Anasthapyah – persons unsuited for decoction enema – Niruha Basti Ayogya

निरन्नाः कृतवमनविरेचननस्यप्रसक्त सकविषूचिकामातीसारारोचका अनास्थाप्यास्त्वस्निग्धोत्क्लिष्टदोषक्षतोरस्कातिकृशा च्छर्दिनिष्ठीविकाकासश्वासहिक्कार्शोबद्धच्छिद्रदकोदराध्मानाल ल्पाग्निगुदशोफकुष्ठमधुमेहार्ता:। गर्भिणी चाप्रवृत्तेष्टममासा। तत्रातिस्निग्धोत्क्लिष्टदोषयोर्दोषा नुत्क्लेश्योदरं मूर्च्छा श्वयथुं वा निरूहो जनयेत् । क्षतोरस्कस्यातिकृशस्य च क्षोभमापन्नः शरीरमाशु पीडयेत् । अनिरन्नस्य वक्ष्यते । कूतवमनविरेकयोस्तु रिक्तं देहं क्षतं क्षार इव दहेत् स्नेहबस्तिस्तु सद्योऽग्निमवसाद्यश्लेष्मामयाय स्यात् ॥१२॥

The following persons should not be given Asthapana (decoction enema) :those who have too much of lubrication in their body, in whom the doshas are slightly increased, who have injury in their chest, the very emaciated, those who have no food, those who have undergone emesis, purgation, nasal medication therapies, who are having bouts of vomiting, expectoration, cough, dyspnoea, hiccup; those suffering from haemorrhoids, abdominal enlargement due to intestinal obstruction, perforation and accumulation of fluid; flatulance, long stasis of food inside the stomach withouth digestion, vomiting and diarrhoea concurrently, diarrhoea caused by undigested materials, loss of appetite, indigestion, swelling of rectum, leprosy (and other skin diseases), diabetes and the pregnant woman who is not in her eight month.

Niruha basti (dectection enema) administered to those who have too much of lubrication, in whom doshas are increased slightly, will produce enlargment of abdomen, fainting or dropsy by further increase of the doshas. It will cause many troubles to the body in person who have injury in the chest and who very emaciated; of the person who is not having food will be described later; in person who had emesis and purgation therapies, it causes burning sensation in the empty organs just like alkalies cause burning in the wounds; in those who had a decoction enema, administration of another oleation enema (on the same day) will decrease the digestive activity and gives rise to diseases of kapha origin. (12)

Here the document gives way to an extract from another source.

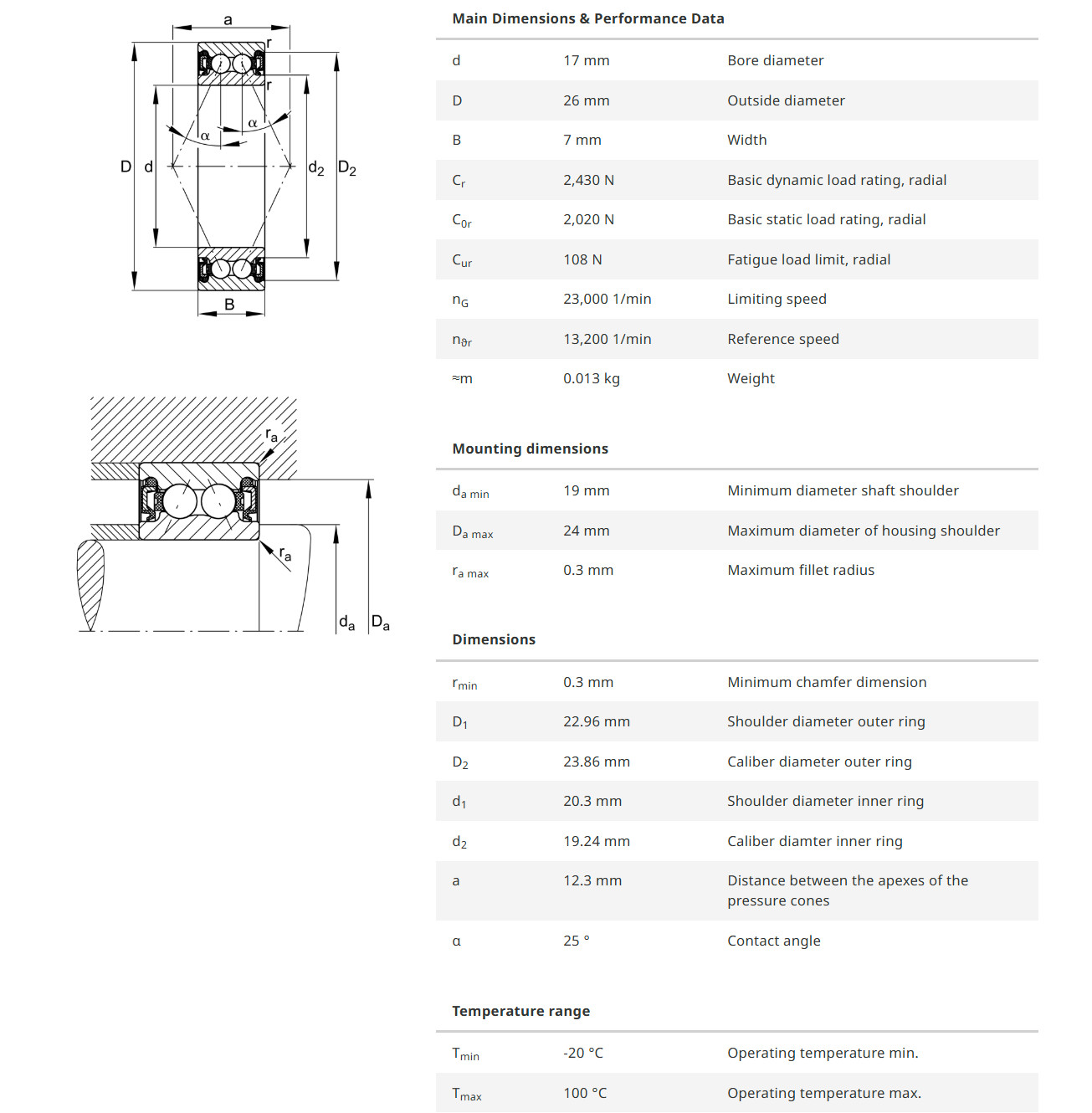INA 3803-2Z มีขนาดวงใน 17 มิล วงนอก 26 มิล หนา 7 มิล เป็นตลับลูกปืนเม็ดกลมสองแถว มุมสัมผัส 25° องศา มีฝาแบบไม่สัมผัสปิด 2 ด้าน เหมาะสำหรับรองรับแรงโหลดได้มากทั้งในแนวรัศมีและแนวแกน

कृतनस्यस्यास्यविभ्रशं विवृतोर्ध्वस्त्रोतस्तया कुर्यात् । अनुवासनं तु दोषोत्क्लेशम् । प्रसक्तच्छ दीनां वायुर्निरूहमूर्ध्व नयेत् । अनुवासनं च अर्शसस्यावृतमार्गत्वादनागच्छन्बस्तिः प्राणान् हिंस्यात् । स्नेहः पुनरर्शांस्यभिष्यन्द्याध्मानाय स्यात् । बद्धोदराद्याध्मानान्तानां भृशतरमाध्मा नान्मृत्युः । अलसकार्तादीनां चामदोषात् । अरोचकार्तादीनां यथास्वमामयवृद्धिः । गभिण्याः पूर्वोक्तो दोषः ॥१३॥

In persons who have undergone nasal medication it (decoction enema) will cause disease of the mouth by the expansion of the upward channels, lubrication enema in such people will cause mild increase of the doshas. In those who have bouts of vomitting etc., vata brings the decoction in the upward direction, so also the materials of the lubrication enema will cause exudations from the pile (mass).

In those suffering from diseases commencing with intestinal obstruction and ending with flatulence (enumerated above), enemas will cause death producing profound distension of the adbomen. In those suffering from loss of appetite etc. they will cause exacerbation of respective disease; in case of pregnant women, the same trouble will be caused as described earler (under contra indications of emesis therapy). (13)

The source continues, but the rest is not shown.